Israele ha completato l’analisi degli errori di intelligence che hanno permesso l’attacco a sorpresa del 7 ottobre ed ha persino dato accesso ai media all’intero report. Il Times of Israel ha recentemente pubblicato un articolo riportandone interi paragrafi: "La Direzione dell'intelligence militare delle Forze di difesa israeliane ha ricevuto nel corso di più anni informazioni e piani che delineavano l'intenzione di Hamas di lanciare un attacco su larga scala contro Israele, ma ha considerato il piano irrealistico e irrealizzabile (…) La Direzione dell'intelligence militare ha erroneamente assunto che il leader di Hamas Yahya Sinwar fosse un pragmatico che non cercava una grande escalation, tanto più che il gruppo terroristico considerava un fallimento i suoi attacchi del 2021 e stava concentrando le proprie capacità sul lancio di razzi e non su un'invasione di terra".

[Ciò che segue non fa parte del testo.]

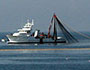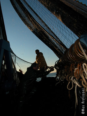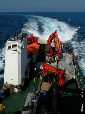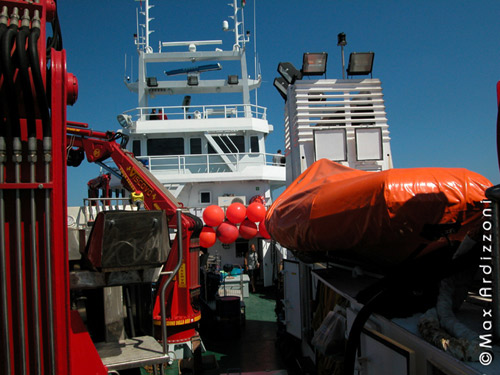 In bella mostra sono evidenti gli schermi a colori di radar, ecoscandagli, sonar, GPS cartografici, con affiancati i sistemi di comunicazione. Se poi il vostro occhio è abituato a cercare la ruota del timone, rimarrà deluso nel constatare che non viene più usata da tempo, oggi la si mantiene solo per emergenza, mentre l’imbarcazione viene pilotata esclusivamente con un joystik accoppiato al pilota automatico. Insomma sembrano del tutto tramontati ormai i ricordi romantici dei capitani di un tempo, con le mani piantate sulla ruota e l’occhio incollato alla bussola! Mi accomodo nella plancia di comando per seguire meglio l’andamento della battuta di pesca, anche se, la prima parte può sembrare un po’ noiosa in quanto si tratta di scandagliare continuamente il mare, senza soste, senza pause.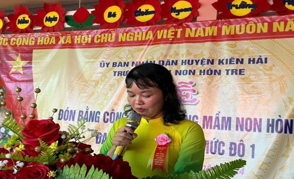 Quang cảnh: Cô Nguyễn Thị Tuyết Nhớ, Phó Hiệu Trưởng trường mầm non Hòn Tre, báo cáo tóm tắt quá trình xây dựng trường đạt chuẩn quốc gia mức độ 1.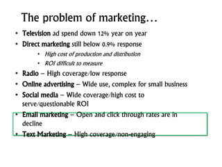 The document discusses the challenges that small businesses face with traditional marketing methods and how mobile marketing can help address these challenges. It notes that mobile marketing through text/SMS provides high open rates, engagement, and measurability compared to other channels. The document provides examples of how businesses can use text messaging to reduce no-shows, drive foot traffic, manage inventory, and increase average order value. It also offers tips for crafting effective text messages and guidelines for when to send messages to avoid being pushy.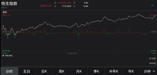 5月4日港股三大指数均收涨,午后涨幅明显扩大。多家投行上调香港今年经济增长预测,给予市场信心。截至收盘,恒指涨0.7%报28557点,国指涨0.49%报10765点,恒生科技指数涨0.68%报8284点。

Nessuno può essere sicuro di che cosa pensi un altro essere umano, nessuno può essere sicuro delle sue intenzioni, ma questo è particolarmente vero per i leader pubblici. Il loro volto pubblico è una tattica che nasconde le intenzioni e un'arma che persegue le intenzioni. L’intelligence israeliana ha cercato di leggere la mente di Sinwar, ma ha usato un modello di pensiero difettoso, in base al quale Sinwar non poteva avere intenzione di attaccare perché non aveva una forza sufficiente. Gli Israeliani non hanno capito che la realtà aveva imposto a Sinwar un pensiero molto diverso. Aveva già una forza significativa, che poteva fungere da nucleo di una forza futura ben più importante, oppure declinare in un'impotenza demoralizzata. Sinwar non sarebbe stato in grado di continuare a guidare Hamas se avesse continuato a non fare nulla, perché la passione anti-Israele dei suoi seguaci si sarebbe rivoltata contro di lui. Il lungo conflitto ha creato in Hamas l’imperativo morale, non dissimile da quello creato tra gli Israeliani, per raggiungere e mantenere il controllo del territorio. Ma il tempo passava e non accadeva nulla. Le nazioni arabe stavano raggiungendo un accordo con Israele, come dimostrato dagli Accordi di Abramo. Per Hamas l’eventuale accordo avrebbe creato una realtà geopolitica che avrebbe negato la ‘realtà morale’. Il tempo per agire stava esaurendosi, Hamas doveva agire il più rapidamente possibile per minare l'accordo arabo-israeliano. Se Hamas fosse rimasta passiva, sarebbe appassita o sarebbe stata distrutta. Hamas doveva lanciare un attacco che non avrebbe distrutto Israele, ma lo avrebbe diviso. L’attacco era destinato al pubblico arabo, il messaggio era che Israele non è invincibile. Una piccola forza avrebbe potuto stordire Israele, immagina che cosa avrebbe potuto fare una grande forza! L'accordo degli stati arabi con Israele sarebbe stato inutile. Il 7 ottobre è stata una dimostrazione in miniatura di ciò che era possibile.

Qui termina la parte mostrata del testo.